Теперь – о «доброте» с нравственной точки зрения. Мне – как и большинству моих читателей – довелось учиться еще в советской школе. Помнится, что, размышляя вслух над проблематикой сочинения, преподаватель всегда говорил о свободе ученика в выражении мыслей – лишь бы они были изложены аргументированно. И тем не менее в качестве мотивировки низкой оценки присутствовало «не раскрыта тема». В отличие от математики, где возможна объективная проверка правильности решения задачи и разработка довольно простых критериев оценки, «раскрыл» или «не раскрыл» ученик тему – ведает один проверяющий. Потому перед учеником во время испытания стоит сложнейшая задача – он должен воспроизвести логику проверяющего, сообразить, что тому понравится, а что – нет. Для знакомого преподавателя это вполне разрешимая задача; но для вступительных экзаменов она неподъемна. Потому и решается с прицелом на среднестатистическую посредственность – слишком ярких мыслей лучше не писать, от смелых интеллектуальных экспериментов воздержаться, язык упростить, чтоб не сбиться в пунктуации, формулируя сложную мысль, но однако ж не настолько, чтоб впасть в полный синтаксический примитивизм, знание текста лучше продемонстрировать, но за его пределы особо не высовываться, и т. д. Область, где выход за рамки серости кажется неблагонамеренным и неприличным. За вступительное сочинение почти невозможно было получить отличную оценку – это одно является доказательством неблагополучного состояния предмета. (Точно так же о глубоком кризисе преподавания русского языка свидетельствовал тот факт, что, если у ученика была единственная четверка по интеллектуальным предметам, то это был именно русский.)
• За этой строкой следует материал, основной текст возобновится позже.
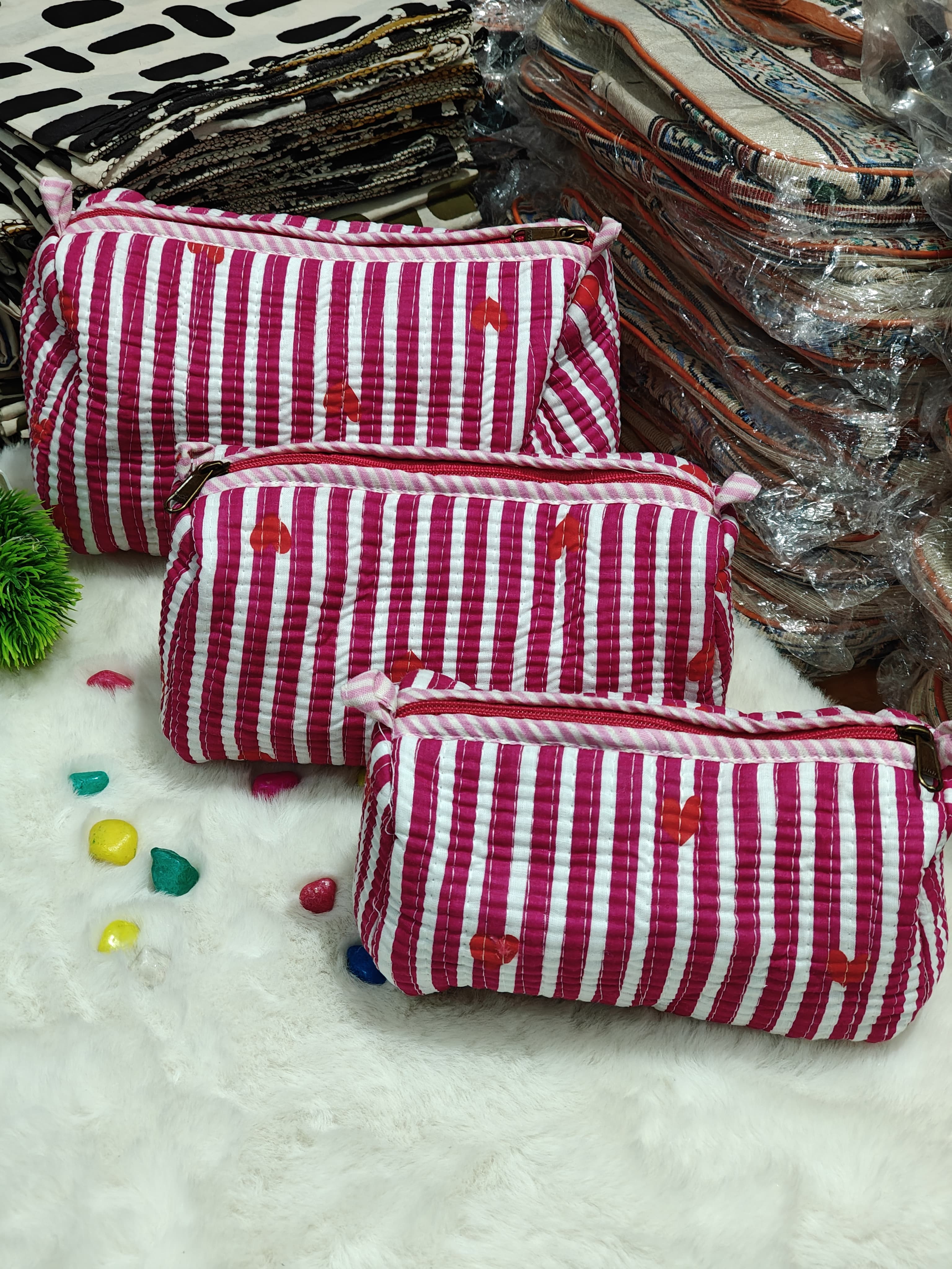 This set of three quilted cotton pouches is thoughtfully handcrafted to combine functionality with everyday elegance. Designed in three practical sizes, these pouches are perfect for organizing travel essentials or storing makeup, stationery, jewellery, and daily accessories.

Но был у сочинения в советской школе еще один аспект – идеологический. Поскольку ученики обязаны были иметь определенные мысли и чувства, то – при всей декларируемой «свободе» – они были обязаны и выражать их. Но особенностью этих мыслей было то, что иметь их ученик не мог, не будучи бревном или моллюском, – кого всерьез уже в 70-х и 80-х гг. прошлого века могли заинтересовать герои-комсомольцы и подогретый революционный энтузиазм? Кто из более-менее эстетически развитых подростков мог усмотреть достоинства в опусах типа «Кому на Руси жить хорошо?», «Что делать?» или «Мать»? Следовательно, все хвалебные слова, которые должны были быть написаны в их адрес, могли диктоваться либо лицемерием, либо непониманием, либо безразличием. Причем для хоть сколько-нибудь интеллектуально развитого подростка второе и третье было практически недоступно.
Собственно, зачем было устраивать школу лицемерия для всей молодежи страны? На мой взгляд, это было частью концепции противоестественного отбора, лежавшей в основе советской и социалистической «работы с людьми». Молодежи – проводя ее через школу обязательного лицемерия – нужно было ломать духовный хребет. Пока хрупкий. Если лгать тебе противно и скрывать мысли ты не умеешь, – в лагерь, конечно, не отправим, этого уже нет, но на хорошую карьеру можешь не рассчитывать, а для особо закоренелых – можешь не рассчитывать и на получение высшего образования. Конечно, сочинение не было единственным инструментом этой работы; если бы его не было, придумали бы что-нибудь другое. Но школьная традиция сочинения сложилась так, как она сложилась, и для того, чтобы сбросить мрачное бремя исторических воспоминаний, нужно обнуление ситуации, нужна перезагрузка. Как и для всей совокупности подходов к преподаванию русского языка и русской словесности. Я не считаю возможность такого развития событий хоть сколько-нибудь реальной, но это уже совершенно другой вопрос. Итак, о том, что сочинение «доброе», можно говорить только с изрядной долей иронии: как риторическая задача оно примитивно, как нравственная проблема – по меньшей мере сомнительно.